Today in Transportation History – 2001: A Rebuilt Bridge Between Two Eastern European Nations

The rebuilt Mária Valéria Bridge, which spans the River Danube between the Slovak Republic (formed after the dissolution of Czechoslovakia in 1993) and Hungary, was officially opened to the public. This structure measures approximately 1,640 feet (500m) in length and connects the Slovak town of Štúrovo with the Hungarian city of Esztergom. The bridge was named after Archduchess Marie Valerie of Austria; she was the youngest child of Franz Josef I, emperor of Austria and king of Hungary, and his wife Elisabeth.

The original Mária Valéria Bridge made its debut in 1895. It was designed by János Feketeházy. He also designed several other bridges on the Danube, including the Liberty Bridge in Budapest and the Elisabeth Bridge between the Slovak town of Komárno and the Hungarian city of Komáron.

The first Mária Valéria Bridge came to an end in 1919, when the structure was destroyed by a detonation of explosives on its western side. The bridge was completely rebuilt, however, and resumed service in 1926. This version of the bridge was highlighted by acclaimed British travel writer Sir Patrick Leigh Fermor in his books about his extended walk across much of Europe during the early 1930s. His book “A Time of Gifts” concludes with him reaching the Mária Valéria Bridge, while his follow-up work “Between the Woods and the Water” begins with him walking eastward across the bridge and into Esztergom.

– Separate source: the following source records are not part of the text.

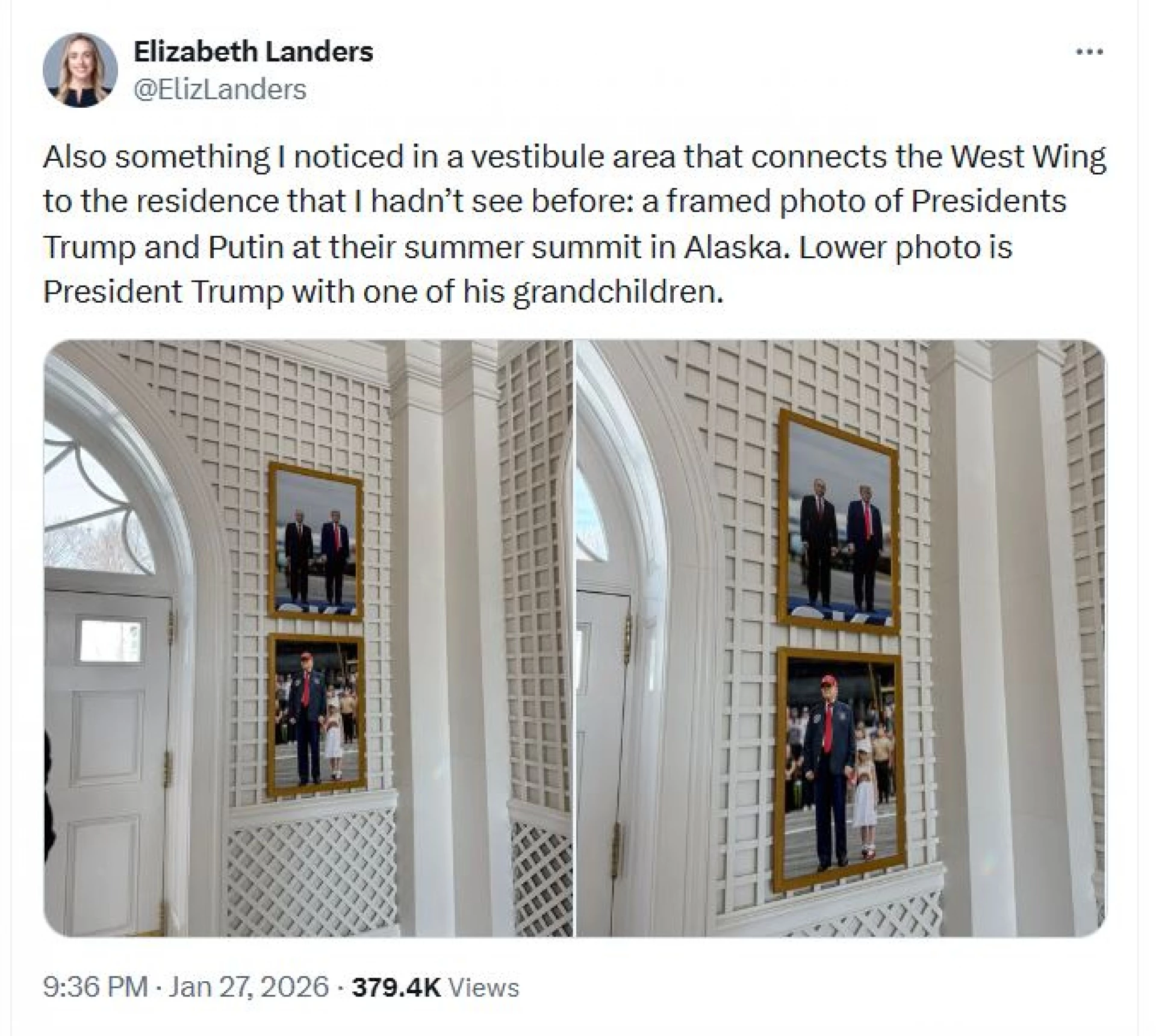 Американският президент Доналд Тръмп е окачил във фоайето на Белия дом, свързващо западното крило с неговата резиденция, своя съвместна снимка с Владимир Путин. На това обърна внимание журналистката на PBS News Елизабет Ландърс, която публикува снимката в своя профил в социалната мрежа Х.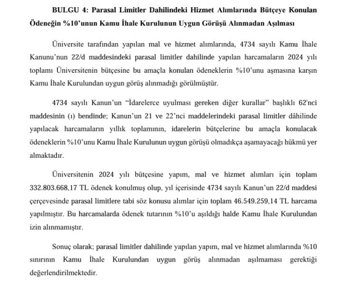 Raporda ayrıca, bazı daire başkanlıkları ve müdürlüklerde kadroların dolu olmasına rağmen aynı pozisyonlara başka personellerin görevlendirildiği tespit edildi. Bu görevlendirmelerde, 2547 sayılı Yükseköğretim Kanunu'nun 13/b-4 maddesine göre yapılan atamalarda, görev değişikliğinin hangi ihtiyaca binaen yapıldığına dair gerekçe gösterilmediği belirtildi. Sayıştay, bu tür görevlendirmelerde 'hizmete duyulan ihtiyaç' gerekçesinin soyut bırakıldığını ve işlemlerin daha objektif kriterlere dayandırılması gerektiğini ifade etti. Üniversitenin, elektrik dağıtım şirketinin sorumluluğunda olan trafo bakım ve onarım giderlerini kendi bütçesinden karşılaması da Elektrik Piyasası Tüketici Hizmetleri Yönetmeliği'ne aykırı bulundu. 4734 sayılı Kamu İhale Kanunu'nun 22/d maddesi kapsamında yapılan alımlarda ise bütçe ödeneğinin yüzde 10'unu aşan alımlarda Kamu İhale Kurulu'ndan uygun görüş alınmadan işlem yapıldığı ortaya çıktı. Mühendislik ve Mimarlık Fakültesi yapım işinde ise teknik zorunluluk olmamasına rağmen proje değişiklikleri ve iş artışları yapıldığı kaydedildi. Bu değişikliklerin idari tercihlerden kaynaklandığı ve Yapım İşleri Genel Şartnamesi'ne aykırı olduğu belirtildi. Sayıştay, üniversitenin mali disiplin ve yönetim süreçlerinin gözden geçirilmesi gerektiğini vurgulayarak, mali işlemlerde sorumluluk alanı dışına çıkılmaması, görevlendirmelerde objektif ve şeffaf kriterlere yer verilmesi ve ihale ile yapım işlerinde mevzuata tam uyum sağlanması çağrısında bulundu.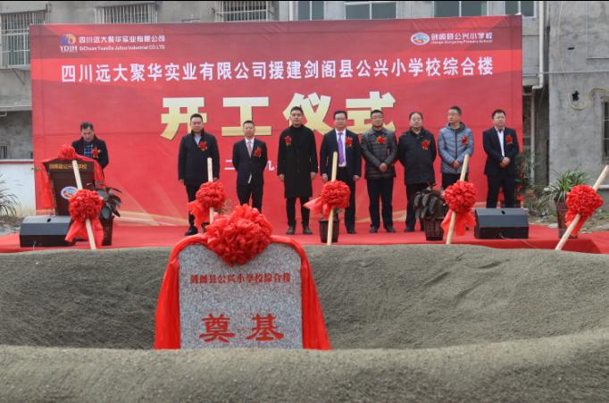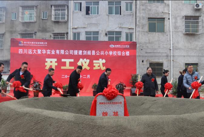 冬阳灼灼静沐灵杰宝地,鞭炮声声响彻校园天空。12月31日上午,四川远大聚华实业有限公司援建剑阁县公兴小学校综合楼开工仪式在公兴小学隆重举行。四川远大聚华实业有限公司董事兼财务总监鲍斌潘同志、宏乾建筑公司副总经理张礼泽同志、剑阁县政府副县长郭扭只同志、县教育局局长王晓明同志、中国银行四川分行挂职剑阁县扶贫开发局副局长唐良富同志、剑阁县公兴镇党委书记母勇林同志和镇政府党政领导干部,以及公兴小学师生等约900人参加了开工仪式。开工仪式由剑阁县扶贫开发局局长郑东方主持。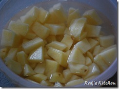 - Peel the potato skin,wash and cut into 1 inch pieces as shown in the picture.Keep immersed in water till you use.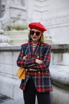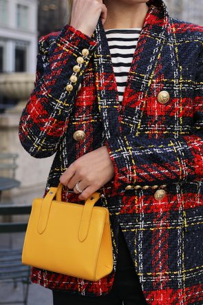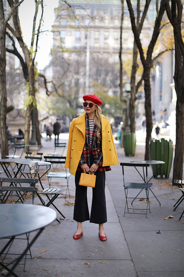 Blazer: Balmain (on sale, see my other sale picks below). Pants: SEA (also seen here with my favorite rainbow jacket). Yellow Peacoat: JCrew. Shoes: Chanel. Tee: JCrew (also love this striped tee with oversized pocket). Beret: UO. Faux Fur Stole: sold out but see my other favorites here! Also I began my gift guides for Holiday…you can see the first few over this way.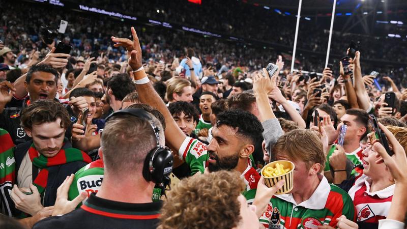 Thousands of supporters rushed onto the field when the Rabbitohs flyer entered rarefied air with his 213th career try in Friday night’s 26-18 loss to the Sydney Roosters.

This version of the bridge lasted until World War II, when it was destroyed – along with several other bridges in the vicinity of Esztergom—by German troops as they retreated in 1944. It would be more than a half-century before the Mária Valéria Bridge was again reconstructed, a delay that was attributable in large part to tensions between the Communist governments of Czechoslovakia and Hungary. After the demise of those regimes, efforts to rebuild the bridge finally took place. On the day that the current version of the Mária Valéria Bridge was opened, a Slovak postage stamp commemorating the structure was formally released.